Niger state: Civil servants and the rest of us

The past few weeks haven’t been easy for Governor Abubakar Sani Bello of Niger State. He’s become not only the lone scapegoat in the state’s unsteady steps towards economic redemption, but has found himself stuck in a ring with members of the state’s most powerful organisation: the Civil Service.
Behind this seeming face-off is the government’s eventual realisation of its inability to continue borrowing to pay the wages of its 47,000-member bureaucracy, which it has done, and quite impressively, before it was alarmed by the expanding figures of debts it accumulated in just less than a year into the 4-year mandate.

The question of workers’ wages is a national disaster, each state of the federation has its peculiar reason or explanation for non-payment. In Niger, the monthly wage bill of the workers published by certain sources is N2.1 billion, against the less than N2 billion the state receives from the Federation Account monthly.
At the risk of sounding unsympathetic, I think I appreciate the transparency employed by the Governor in introducing his fiscal dilemma to the civil servants. Coming out to announce that his state is too broke to continue paying wages based on existing formula and arrangement may be a PR disaster, but I think such fatal honesty has shown the people a certain sincerity, despite polarising his supporters.

Now, we have those who see the Governor’s proposal to reduce salaries until revenues are stable as a strategic approach and better alternative to not paying at all. And then there are those who expect the Governor to continue borrowing to pay salaries or just suspend capital projects to focus on recurrent expenditures.
What rattled the government, as presented by the Governor’s media manager, was it sensitivity to the implications of the overdrafts taken to augment the wage bill, which was presented to the Civil Servants in meetings between representatives of the government and leaders of Organised Labour in the state.
The Government’s proposal was having allocations from Federation Account split into 70:30, that from whatever is sent from Abuja, 70% will be for wages and 30% for capital projects. This 70% ratio won’t cover the wage bill of our bloated civil service, but the Government insisted on having 30% to fund his capital projects.
The danger of suspending capital projects to pay wages has more damaging impacts than the ratio-based arrangement. And it’s also a tad selfish, as it does not recognise the existence of non-working  people who are the majority and who also need to have a sense of government’s presence in their social life.

Capital projects may be understood by some as rehabilitating networks of roads and executing other urban renewal projects, but they actually comprise equipping our hospitals, rehabilitating our schools and implementing rural electrification and both urban and rural water projects. These are what keep both human anatomy and society in tact. Suspending such intervention is a destructive strategy, for it seeks to comfort 47,000 people at the detriment of about 4 million people who depend on the 30% to have a sense of the government’s existence.
But this isn’t an easy decision. Niger, like other states pampered by Abuja, has failed to develop its sources and institutions of generating and boosting internal revenues. It generates less than half a billion Naira internally, and this was mainly because it used to receive between 11 and 5 billion Naira from the Federation Account.
Adapting to this reality of N2 billion allocations, with sources of internal revenues still unorganised, is responsible for the fiscal crisis which has had the Governor down popularity bar. We may rush to describe the government’s position as suicidal but we must not ignore the line between miracle and economic reality, that even the finest economic strategists may have a really hard time developing an easy way out for a state this mercilessly mismanaged.
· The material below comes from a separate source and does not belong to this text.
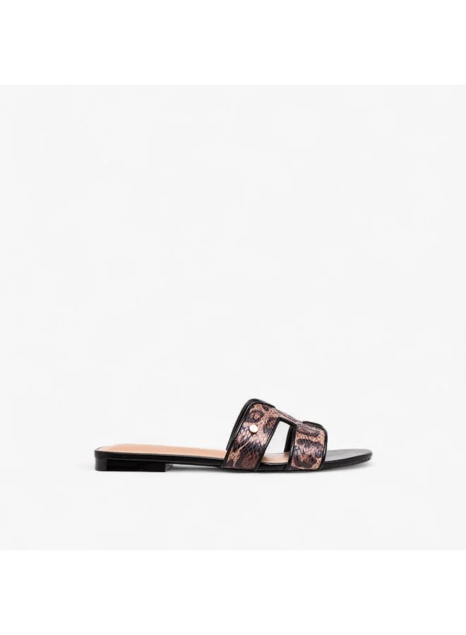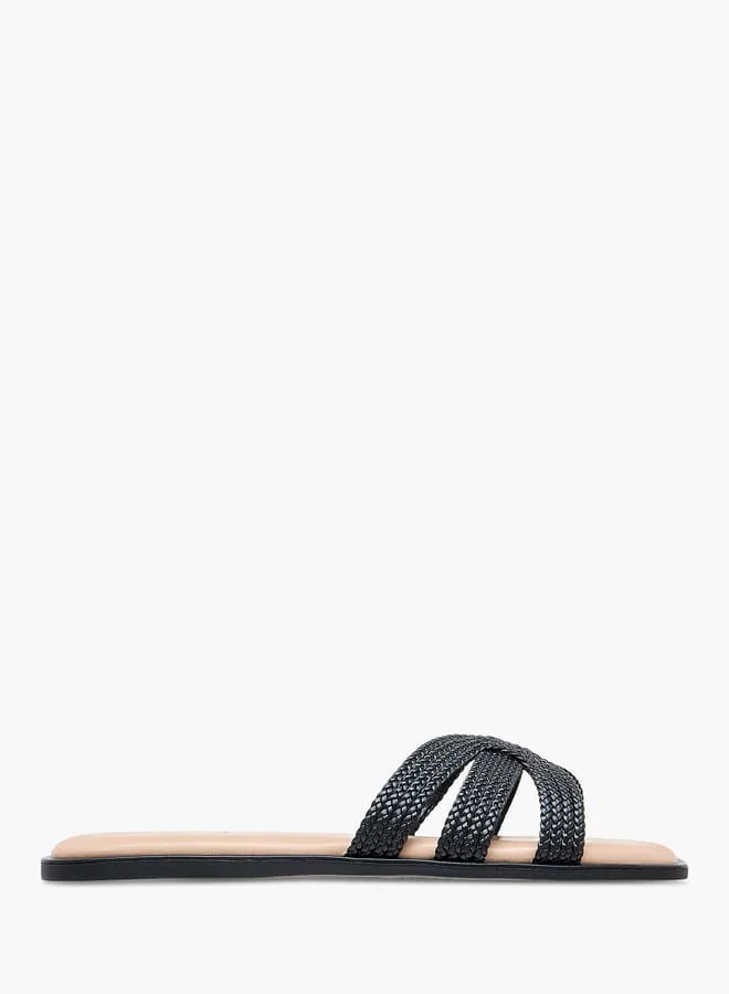 Women's Textured Cut-Out Detail Slip-On Flat Sandals
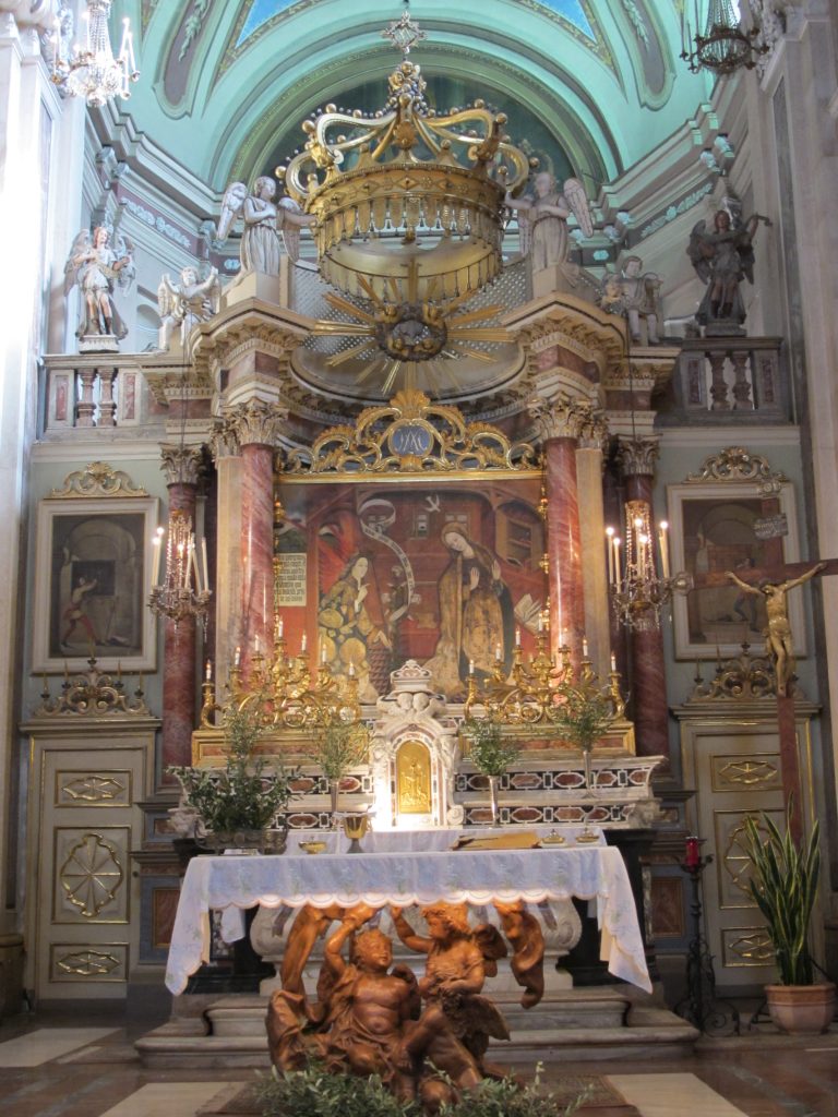 Non certo come il Duomo, ma a Chieri anche il  Santuario dell’Annunziata   è ricco di sorprese in fatto  di arte e di storia.  Sorprese tornate di attualità in queste settimane,  nelle quali la Confraternita della Misericordia, che gestisce il santuario, mette in mostra, insieme alla plurisecolare raccolta di ex voto,  una selezione di documenti  antichi che raccontano i momenti cruciali della sua storia, dalle origini medioevali ai nostri giorni. Dal punto di vista artistico, il centro di attrazione  del santuario è il dipinto raffigurante l’Annunciazione dell’arcangelo Gabriele alla Beata Vergine Maria: un’opera che,  racchiusa in una  splendida edicola marmorea, sovrasta l’altar maggiore ed è tutto una sorpresa. A cominciare dalla tecnica usata dall’artista: infatti, trattandosi di un dipinto eseguito su muro, verrebbe spontaneo pensare che si tratti di un affresco, ed è quello che tutti, compresi gli studiosi che hanno avuto modo di interessarsene, hanno creduto per secoli.  Doveva arrivare l’anno  1957 perché un semplice restauratore, il prof.  Severino Borotti, che aveva avuto l’incarico di staccare il dipinto dal muro e di restaurarlo,  si accorgesse che non si trattava di un affresco ma di una pittura ad olio su muro: una tecnica poco usata da noi, ma molto utilizzata nell’Europa del Nord, specialmente dai pittori fiamminghi.  Il professore, dopo aver staccato con successo il dipinto e averlo ricollocato in posizione più rialzata rispetto a prima, si rifiutò di restaurarlo, perché temeva per l’integrità della finissima pellicola di colore ad olio di cui era formato.

Though presenting statistics of revenues and expenditures of the state to the public through open data may redeem a part of the government’s image, but that would never matter to the financially illiterate traders, commercial drivers, and all in need of a certain social welfare scheme to survive this economy. The average man doesn’t just believe that there’s no more enough money go round.
To overcome this structural effect of over-dependence on the Centre for monthly salvations, the state can do more than just wailing over depleting revenues. Reverting to agrarian economy should be the aim of any sensible government. What we have in Niger state today are communities of subsistence farmers with potentials to expand and employ.

There’s a need for immediate economic summit in Minna, and this shouldn’t be the usual fanfare, to highlight and analyse the economic potentials and possibilities of the state, and to also form partnerships with financially strong institutions home and abroad to save Niger State. Out of this event shouldn’t come a practical blueprint for exploring and developing the vast natural and human resources of the state. Yes, it’s better late than never.
Preaching the virtues of sacrifice to a critically hungry people isn’t ennobling. We must return to the dawning board at once to rescue what’s left of this serially unlucky state. There’s a loot to recover as announced by the Governor himself, and I hope this may be enough to repair a part of this state. May God save us from us.